INPUT DATA |
====
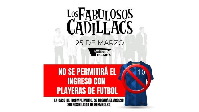A través de sus redes sociales oficiales, el Auditorio Telmex informó que estaría prohibido ingresar con playeras de equipos de futbol al espectáculo programado para el 25 de marzo a las 21:00 horas. La publicación generó reacciones inmediatas entre los fans.
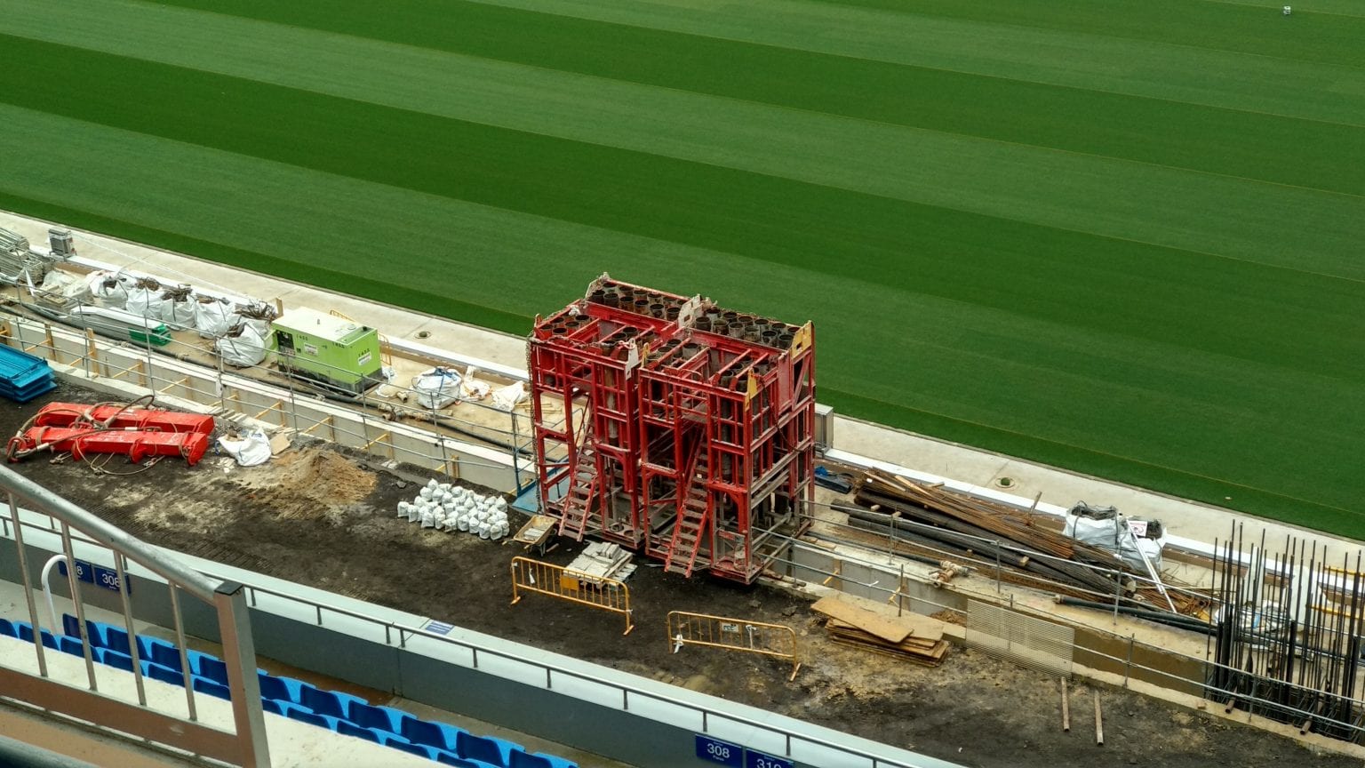 En el lateral oeste se han intensificado los trabajos de la pantalladora y especialmente los encofrados de la zona del córner noroeste y de la tribuna oeste. Además en el exterior del estadio se está terminado de hormigonar la plataforma auxiliar, que ya cuenta con las barandillas de seguridad, enganches, y demás medios necesarios para el ensamblaje de las cerchas longitudinales que se van a empezar a ensamblar desde ya mismo.
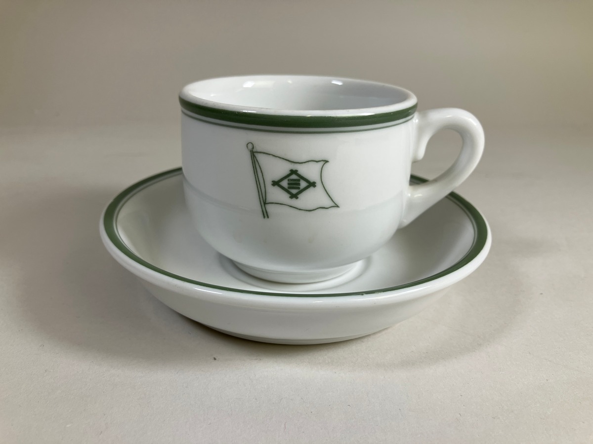 Gå tillbaka till sökLägg till i Min samlingKopiera länkSkriv utKaffekopp med fatAktörerYngve Eiserman (1873 - 1955), Förvärvat frånKategoriserveringsutrustning (Inredning, husgeråd) dryckeskärl (Inredning, husgeråd) Övrig fartygsutrusning (Fartygsutrustning)InventarienummerSMG10624UtställdInte utställd på museetBeskrivningKaffekopp med fat som tillhört Mitsui Bussan K. Ltd. Grön kantlinje samt bolagsflagg. Tillverkad: Toyotokikassha, Japan
====
Everything in the listing above must be restated word for word, except the images.

A través de sus redes sociales oficiales, el Auditorio Telmex informó que estaría prohibido ingresar con playeras de equipos de futbol al espectáculo programado para el 25 de marzo a las 21:00 horas. La publicación generó reacciones inmediatas entre los fans.
 En el lateral oeste se han intensificado los trabajos de la pantalladora y especialmente los encofrados de la zona del córner noroeste y de la tribuna oeste. Además en el exterior del estadio se está terminado de hormigonar la plataforma auxiliar, que ya cuenta con las barandillas de seguridad, enganches, y demás medios necesarios para el ensamblaje de las cerchas longitudinales que se van a empezar a ensamblar desde ya mismo.
 Gå tillbaka till sökLägg till i Min samlingKopiera länkSkriv utKaffekopp med fatAktörerYngve Eiserman (1873 - 1955), Förvärvat frånKategoriserveringsutrustning (Inredning, husgeråd) dryckeskärl (Inredning, husgeråd) Övrig fartygsutrusning (Fartygsutrustning)InventarienummerSMG10624UtställdInte utställd på museetBeskrivningKaffekopp med fat som tillhört Mitsui Bussan K. Ltd. Grön kantlinje samt bolagsflagg. Tillverkad: Toyotokikassha, Japan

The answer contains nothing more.